**BRIEF:** Please transcribe the lines below exactly, and leave every image behind.

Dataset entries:
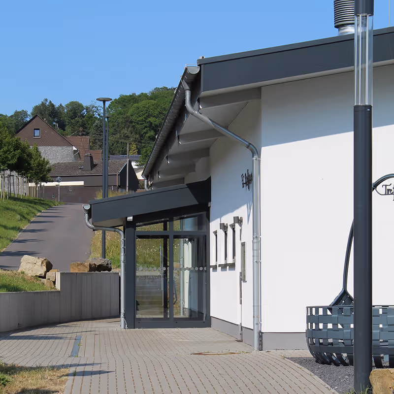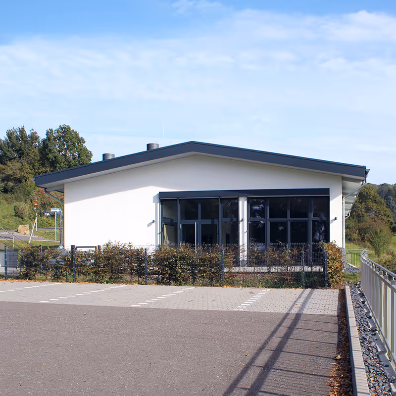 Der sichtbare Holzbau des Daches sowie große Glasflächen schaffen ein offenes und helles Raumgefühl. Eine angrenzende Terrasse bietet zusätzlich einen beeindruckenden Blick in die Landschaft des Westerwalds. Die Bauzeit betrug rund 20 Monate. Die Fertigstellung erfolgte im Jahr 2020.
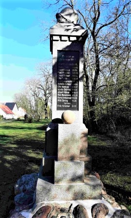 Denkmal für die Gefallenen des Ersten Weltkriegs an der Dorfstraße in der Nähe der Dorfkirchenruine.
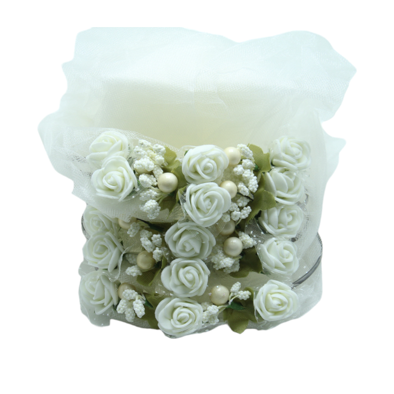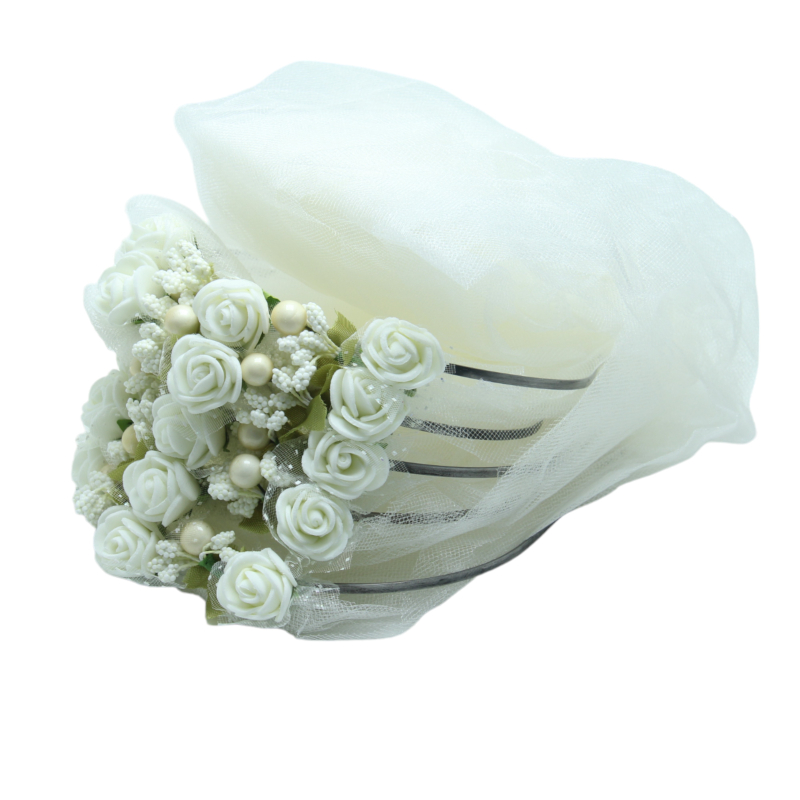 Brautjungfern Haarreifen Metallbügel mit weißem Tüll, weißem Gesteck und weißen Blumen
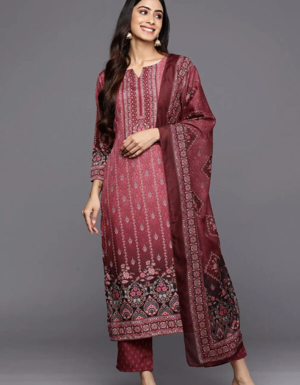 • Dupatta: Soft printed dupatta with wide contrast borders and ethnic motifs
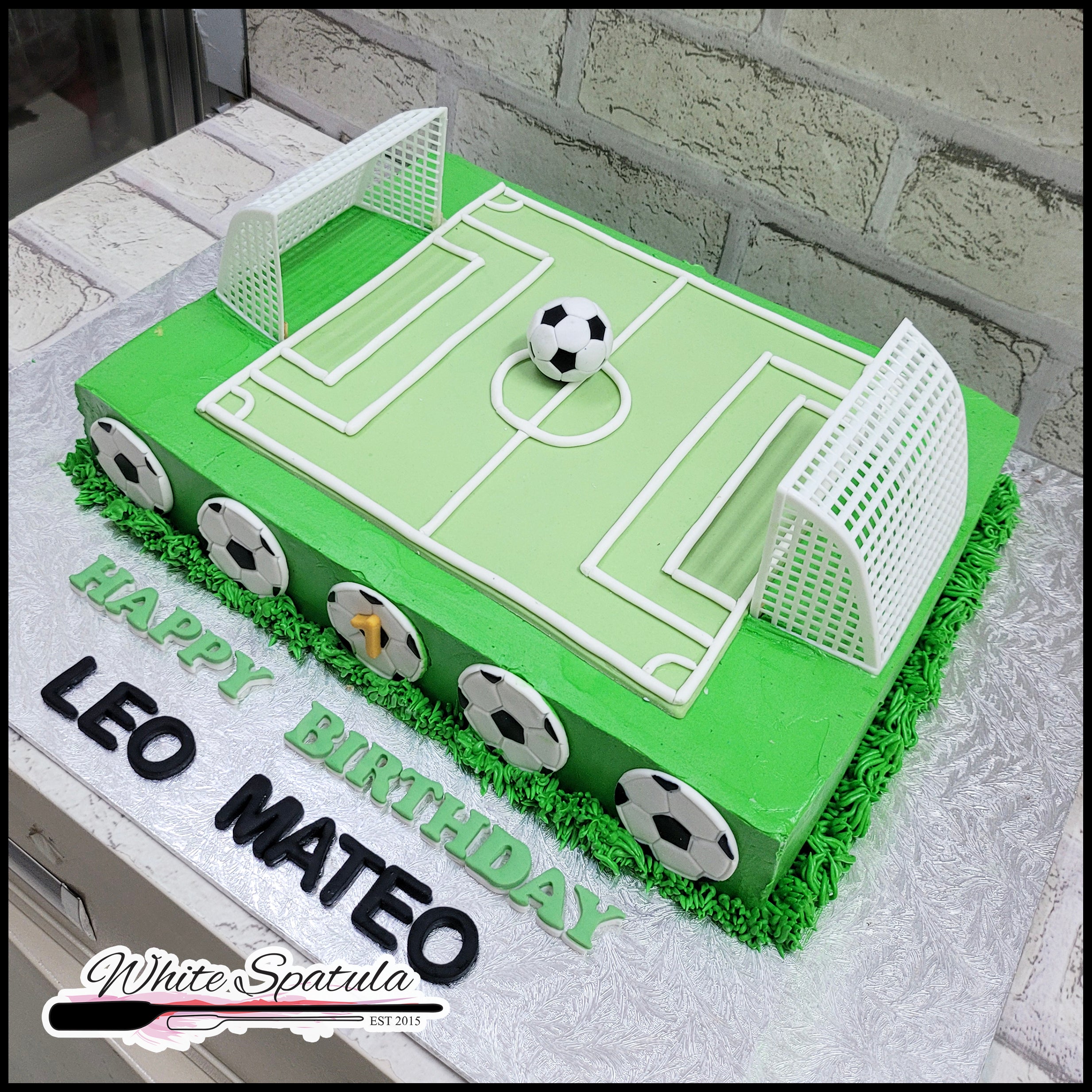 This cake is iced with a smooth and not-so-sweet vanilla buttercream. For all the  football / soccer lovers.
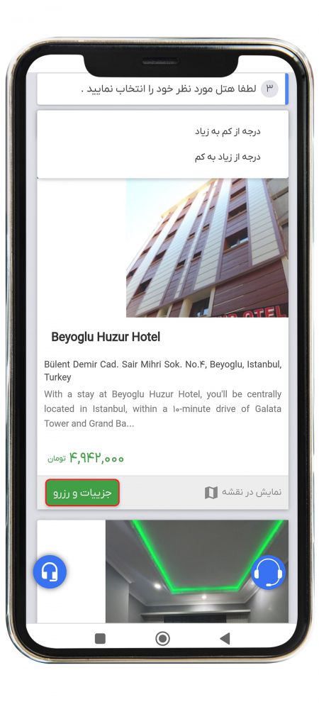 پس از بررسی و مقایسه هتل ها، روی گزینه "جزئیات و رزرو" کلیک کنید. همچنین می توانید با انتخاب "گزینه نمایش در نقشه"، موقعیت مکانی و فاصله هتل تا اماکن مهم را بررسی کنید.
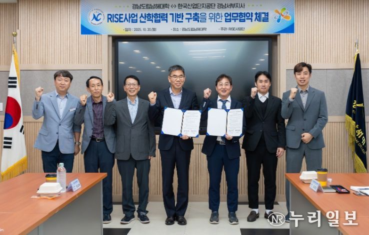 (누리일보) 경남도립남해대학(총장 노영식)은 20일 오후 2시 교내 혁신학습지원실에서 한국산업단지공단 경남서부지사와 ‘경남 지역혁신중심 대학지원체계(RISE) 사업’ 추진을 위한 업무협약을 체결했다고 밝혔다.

**ANSWER TO THE EXERCISE:**
 Der sichtbare Holzbau des Daches sowie große Glasflächen schaffen ein offenes und helles Raumgefühl. Eine angrenzende Terrasse bietet zusätzlich einen beeindruckenden Blick in die Landschaft des Westerwalds. Die Bauzeit betrug rund 20 Monate. Die Fertigstellung erfolgte im Jahr 2020.
 Denkmal für die Gefallenen des Ersten Weltkriegs an der Dorfstraße in der Nähe der Dorfkirchenruine.
 Brautjungfern Haarreifen Metallbügel mit weißem Tüll, weißem Gesteck und weißen Blumen
 • Dupatta: Soft printed dupatta with wide contrast borders and ethnic motifs
 This cake is iced with a smooth and not-so-sweet vanilla buttercream. For all the  football / soccer lovers.
 پس از بررسی و مقایسه هتل ها، روی گزینه "جزئیات و رزرو" کلیک کنید. همچنین می توانید با انتخاب "گزینه نمایش در نقشه"، موقعیت مکانی و فاصله هتل تا اماکن مهم را بررسی کنید.
 (누리일보) 경남도립남해대학(총장 노영식)은 20일 오후 2시 교내 혁신학습지원실에서 한국산업단지공단 경남서부지사와 ‘경남 지역혁신중심 대학지원체계(RISE) 사업’ 추진을 위한 업무협약을 체결했다고 밝혔다.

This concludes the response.